The NAACP followed a litigation strategy over generations to destroy Plessy v. Ferguson, the case that said blacks could be excluded from white facilities as long as the black facilities were “equal.” The PLF is one of a number of organizations following a similar incremental strategy to destroy Morton v. Mancari, a 1974 case upholding the Indian hiring preference in the Bureau of Indian Affairs on the ground that “Indian” is not a racial classification but rather a political one.
The PLF is, for example, involved in Fisher v. University of Texas, a so-called “reverse discrimination” case on behalf of a white woman who claims to have been denied admission to the University of Texas because of affirmative action. Reverse discrimination cases have pretty well wiped out affirmative action in employment and made serious inroads on college admissions.
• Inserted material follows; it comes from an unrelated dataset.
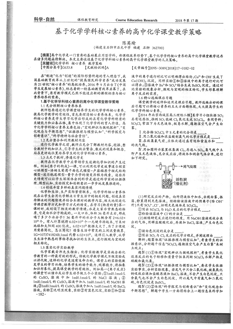 基于化学学科核心素养的高中化学课堂教学策略 陈英瑜 201807

Morton v. Mancari is all that shields programs that benefit Indians from reverse discrimination claims.
PLF is supporting a reverse discrimination offensive against Native Hawaiians with the goal that everyone born in Hawaii becomes legally a “Native Hawaiian” without regard to any connection to the indigenous people of Hawaii.
The Hawaii Homes Commission Act provides for tax-exempt homestead leases for Native Hawaiians. In Corboy v. Louie, the PLF is litigating the position that the tax exemption for Native Hawaiians is unlawful race discrimination against non-Hawaiians—principally the descendants of white settlers.
In State of Hawaii v. Office of Hawaiian Affairs, the PLF is attacking dedication of state land to benefit Native Hawaiians, pointing out that 77 percent of residents of Hawaii claim no Native Hawaiian blood.
In the PLF press release announcing the attempt to overturn the Oklahoma law, Fontenot is quoted as saying she has always identified herself as American Indian. She seems to have not gotten the memo that it’s not about what you claim; it’s about who claims you.
PLF attorney Caleb Trotter says the purpose of the law is “to protect members of politically connected tribes from competition.” That’s exactly correct if by “politically connected” you mean having a government-to-government relationship with the U.S.
The one legal point that could allow Fontenot to prevail without advancing PLF’s grand strategy is if the court were to find that Congress, in the Indian Arts and Crafts Act, preempted state laws. Oddly enough, the PLF press release cites the Supremacy Clause as imposing federal preemption rather than the Indian Commerce Clause.
Given the way Virginia treated its Indians, what is just and fair in this case is not cut and dried. Fontenot is only a pawn in a much larger game.
What her case can contribute to the overall legal offensive is the principle that race trumps political affiliation. Once it becomes a question of race, the Fourteenth Amendment equal protection clause—“reverse discrimination”—can do its work like it is doing in Hawaii. Then she will be able to claim her work is Indian. So will everyone else.